-- What is being asked --
Start at the line with "Spre deosebire de" and print every line through the end of the material below. Keep it exact and free of pictures.

─── Information shown

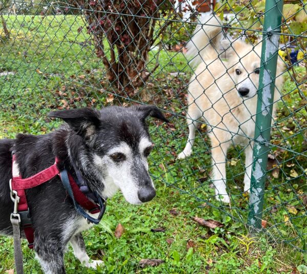 Mit Resi und Franzi fuhren Em und Elfriede gleich danach in den Kurpark. Die Mädels raschelten gut gelaunt durch das Laub und wälzten sich dann wohlig darin. Als sie beim Herumschnüffeln Steve in seinem Garten sahen, wollten sie gleich zu ihm und alle drei begrüßten sich freundlich. Nach einer Weile liefen sie zufrieden weiter und freuten sich über eine Leckerliesuche und viele Streicheleinheiten. 🙂
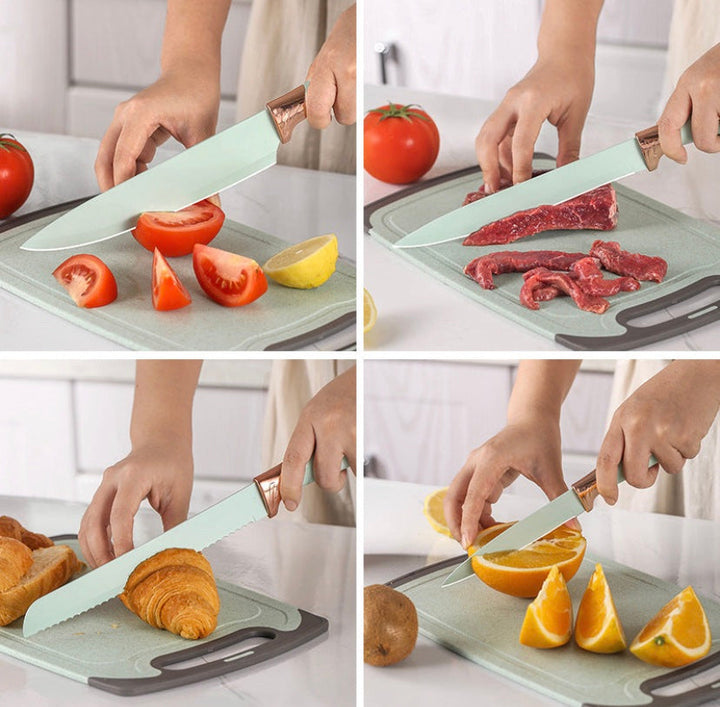 Spre deosebire de majoritatea seturilor de ustensile, acesta contine si un suport care te va ajuta sa le afisezi pe tejghea sau pe insula de bucatarie. Cu siguranta va atrage privirile tuturor musafirilor tai.
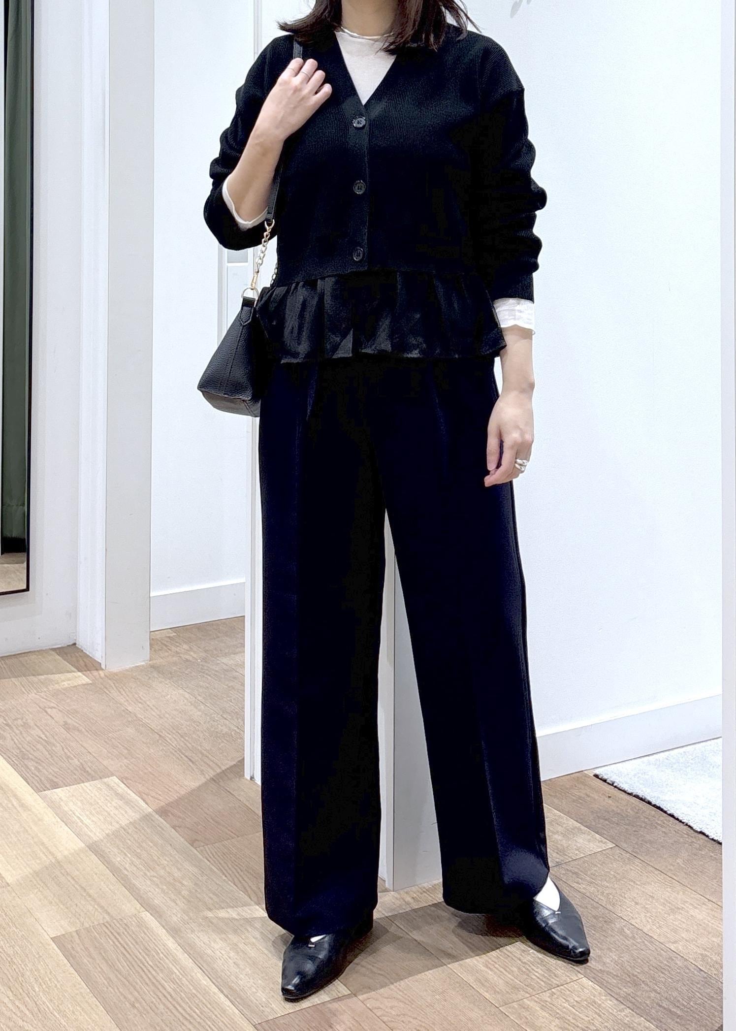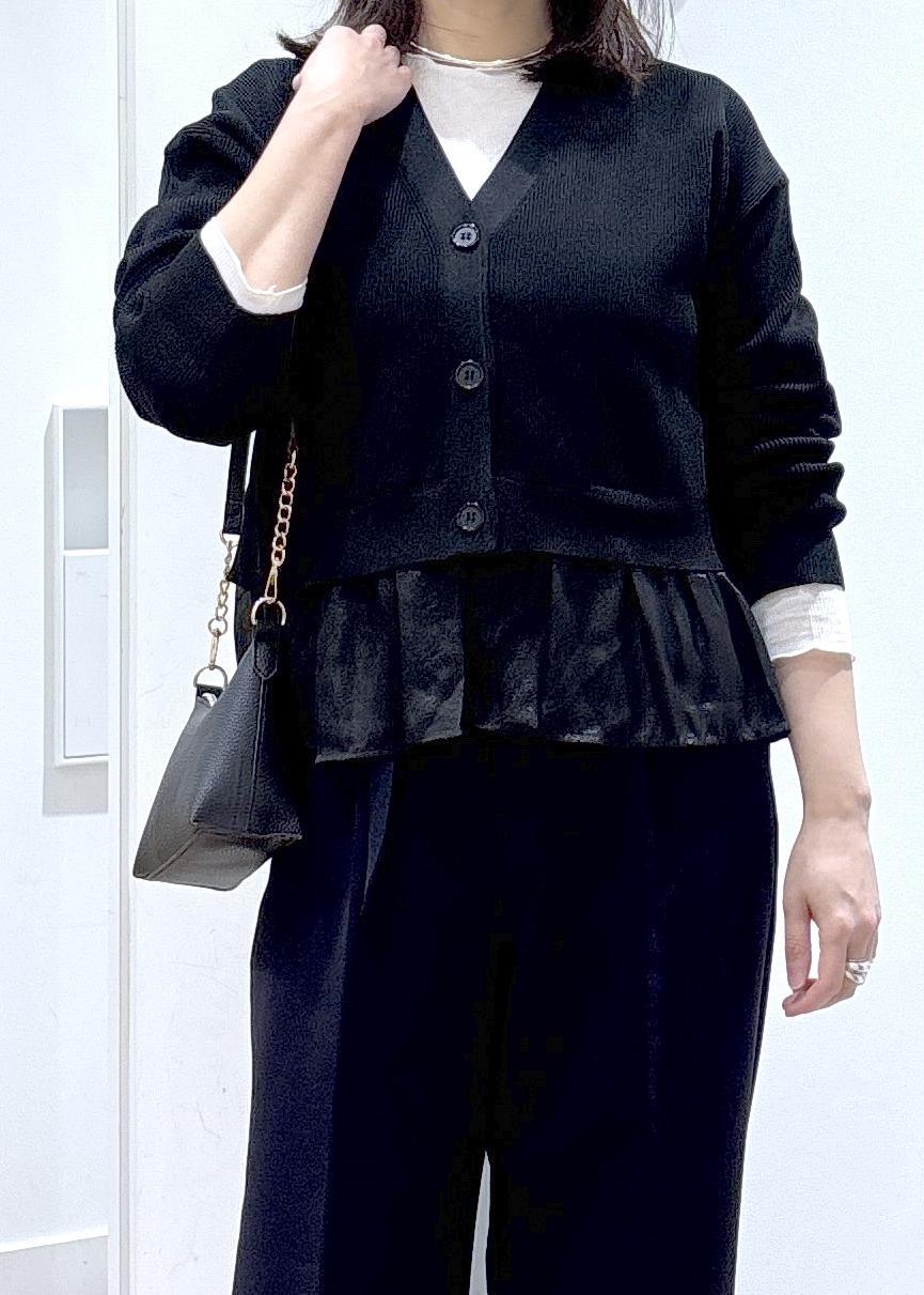 2BUY10%OFFROPÉ PICNIC異素材ドッキングニットカーディガン/イージーケアブラック / F¥5,489レビューカーディガン自体はウエストくらいのショート丈となっており、裾のシフォン部分を合わせると腰にかかるくらいの長さになります。ゆるっとしたシルエットがとてもかわいいカーディガンです。

──────

-- Result of this task --
 Spre deosebire de majoritatea seturilor de ustensile, acesta contine si un suport care te va ajuta sa le afisezi pe tejghea sau pe insula de bucatarie. Cu siguranta va atrage privirile tuturor musafirilor tai.
 2BUY10%OFFROPÉ PICNIC異素材ドッキングニットカーディガン/イージーケアブラック / F¥5,489レビューカーディガン自体はウエストくらいのショート丈となっており、裾のシフォン部分を合わせると腰にかかるくらいの長さになります。ゆるっとしたシルエットがとてもかわいいカーディガンです。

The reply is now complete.